Turkish officials wave off Taliban threats against Turkey as 'symbolic' - BBC Turkish
Threats from the Taliban militant group in Afghanistan aimed at Turkey are only symbolic gestures to demonstrate their dominance in the country, BBC Turkish reported on Wednesday, citing anonymous Turkish and U.S officials.
According to the outlet's sources, the Taliban's threats should be interpreted more as posturing than any genuine indication that the militants will target Turkish soldiers based at Kabul International Airport after U.S forces withdraw in September. One unnamed security official in Turkey told BBC that recent statements promising to "take a stand" against Ankara if it goes through with its plans were aimed squarely at getting international recognition.
The official noted that the Taliban views U.S forces as occupiers from a foreign land, but this did not extend to Turkey, who the source insists the Taliban understands to have no secret agenda in the country.
"These are symbolic statements. This is the message given to the international community in the background, 'Nothing will happen except what we say'. Therefore, we do not think that there will be an aggressive attitude towards Turkey," they told BBC.
On Tuesday, the Taliban repeated their demand that Turkey follow other international forces out of Afghanistan once the U.S finishes its withdrawal in September.
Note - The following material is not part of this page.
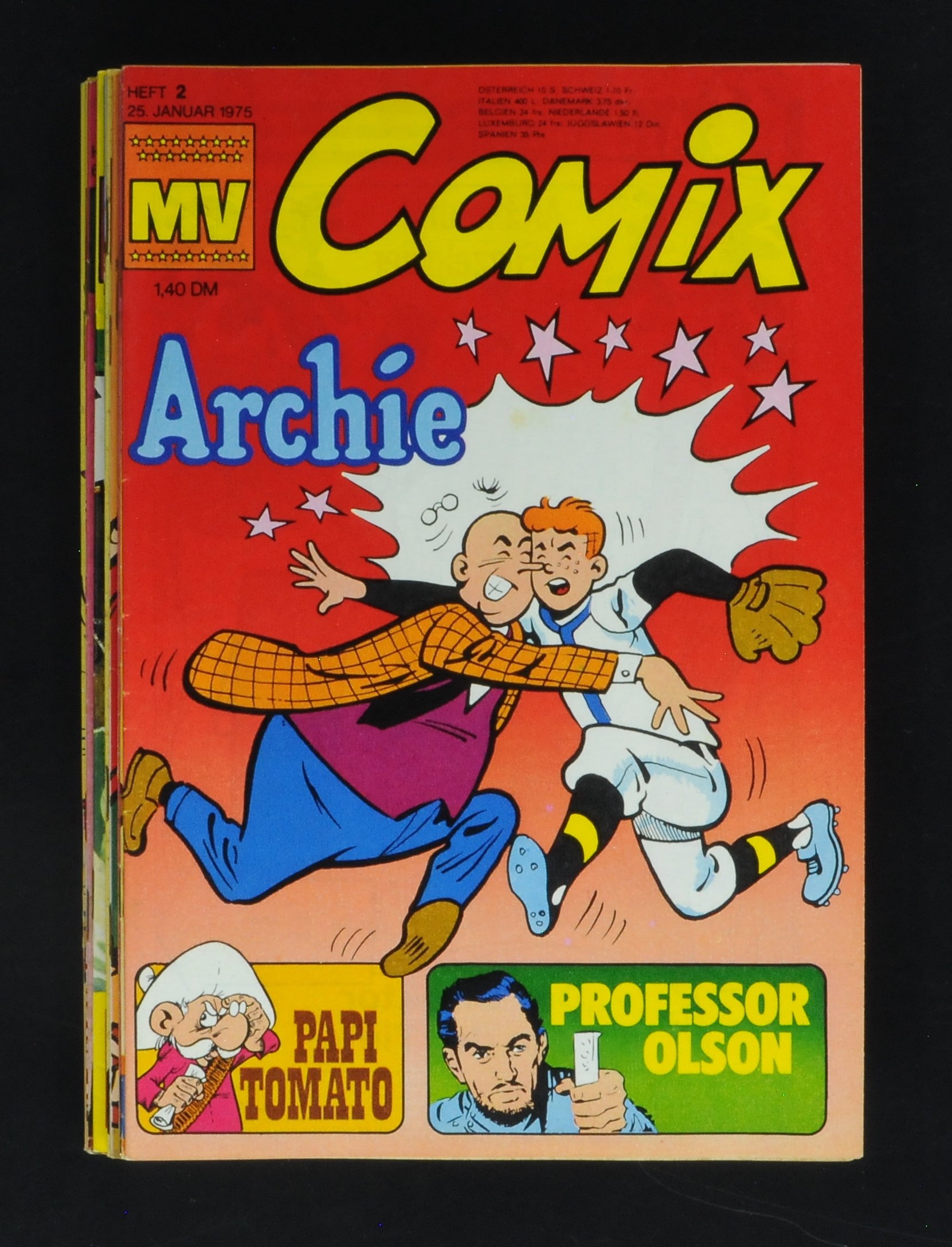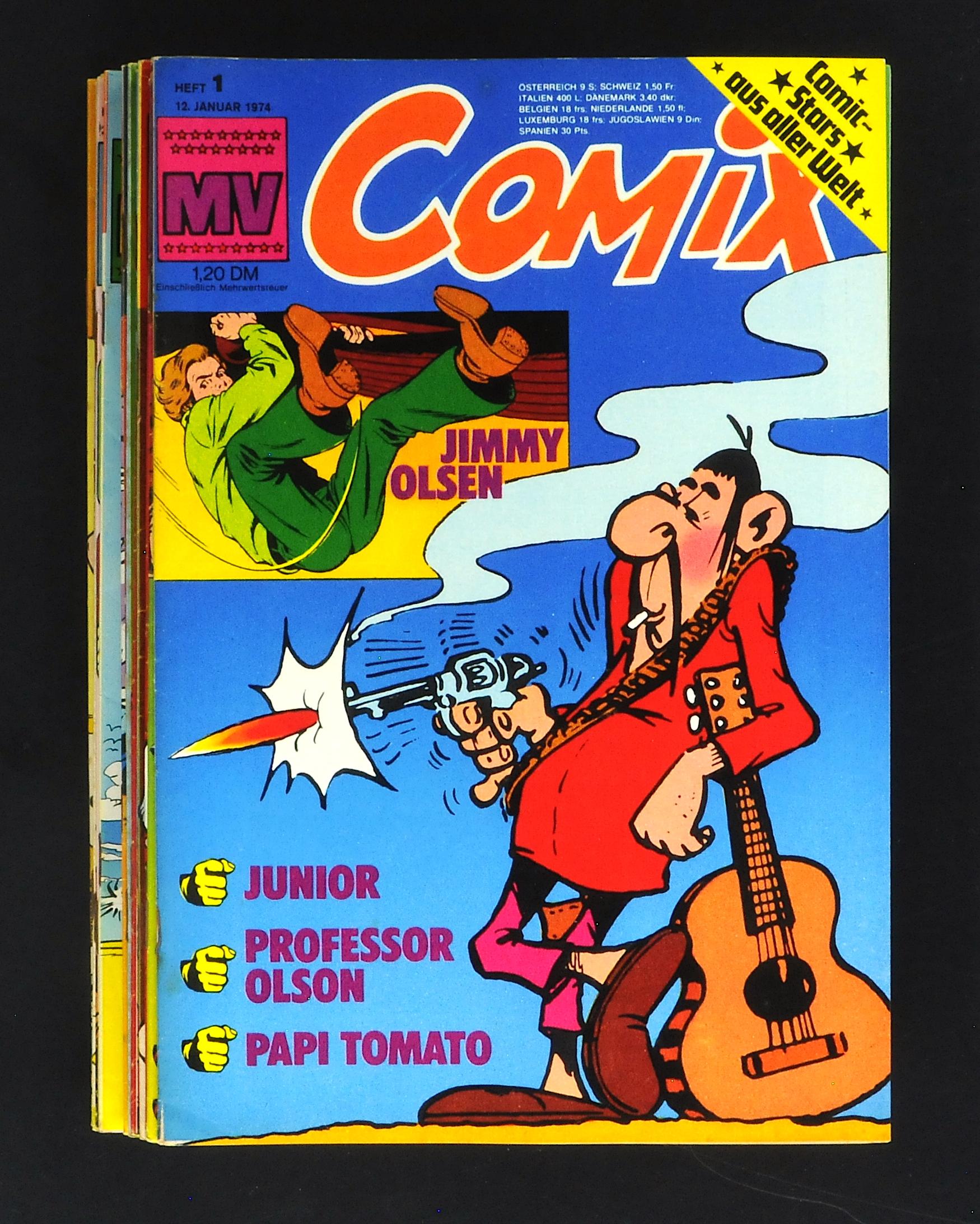 Mickyvision (M.V.) 1974 Konv. 25 Stk. Hefte 1, 3-26 um (1-2), ebenfalls tolle Hefte mit meistenteils wunderschöner Coveroptik und neuwertiger Papierspannug, Lagerflecken, leichter Klammerrost als Aneckungen sind vorhanden, Heft 4 mit der Felix Tomato Maske.

Otherwise, they too can become targets in the future after nearly two decades of a generally noiseless presence as part of a wider international coalition.
The Turkish proposal to continue providing security for Kabul's international airport has been welcomed by the U.S as well as officials in Kabul. However, the mission will be limited to ensuring the airport remains functional and will not become a combat mission akin to Turkey's interventions in Syria or Libya.
To that end, Turkey's defence ministry made clear that a larger troop deployment is unlikely and other Turkish officials explained to BBC that soldiers on duty will only fight if they come under attack.